Bacterial clippases shift ubiquitin

Ubiquitination, a crucial post-translational modification in eukaryotic cells, has a pivotal role in the regulation of protein function, by either inducing protein degradation or altering protein activity. This system is subject to stringent regulation and is essential for maintaining cellular homeostasis and immune responses, particularly in identifying and eliminating pathogenic threats. However, intracellular bacteria have evolved sophisticated strategies to subvert the host defense mechanism, including the secretion of deubiquitinase (DUB) effectors that remove ubiquitin marks, thereby interfering with immune signaling and promoting bacterial fitness.

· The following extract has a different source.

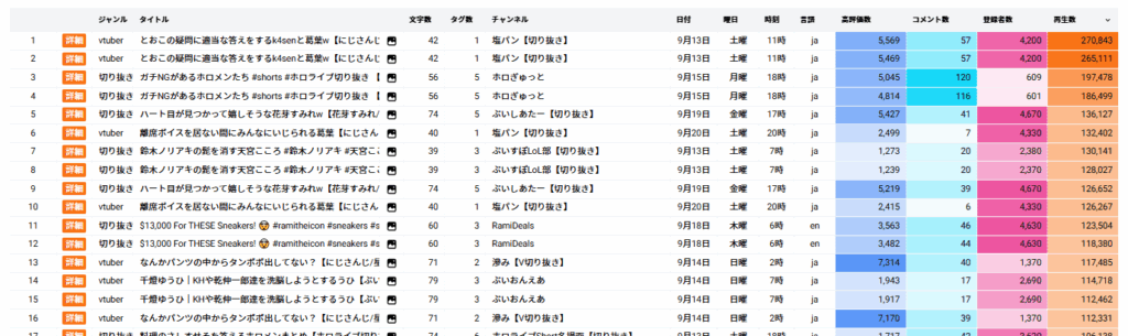 ランキングのトップ勢のShortsを分析することで、伸びるShortsのアルゴリズムの特徴が掴めます。
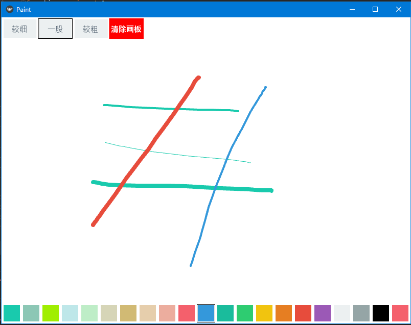 制作一款简易的调色画板,要用到的知识:页面布局、ToggleButton、ToggleButtonBehavior、get_color_from_hex(兼容十六进制编码颜色);功能上要可以选择颜色,选择画笔线宽,可以清除画板。具体实现效果如下:

Hermanns et al. identify a family of bacterial DUBs structurally related to eukaryotic Josephin-type DUBs, which exhibit a unique irreversible deubiquitination mechanism. Conventional deubiquitinases and these ubiquitin C-terminal clippases (UCCs) differ in that the former cleave ubiquitin after the C-terminal diGly motif, whereas the latter cleave before this motif, leaving a residual fragment that marks the substrate as irreversibly deubiquitinated. The researchers performed a detailed structural analysis of the substrate-bound clippases and conventional DUBs to determine the observed cleavage shift, which was found to be attributable to distinct ubiquitin orientations. Structural analysis further revealed that UCCs possess a distinctive catalytic architecture that favors irreversible cleavage over the reversible hydrolysis exhibited by Josephin DUBs. This difference is primarily driven by evolutionary shifts in the catalytic pocket, in which the repositioning of key residues enforces a cleavage mechanism that leaves a residual fragment of ubiquitin attached to the substrate, effectively blocking re-ubiquitination.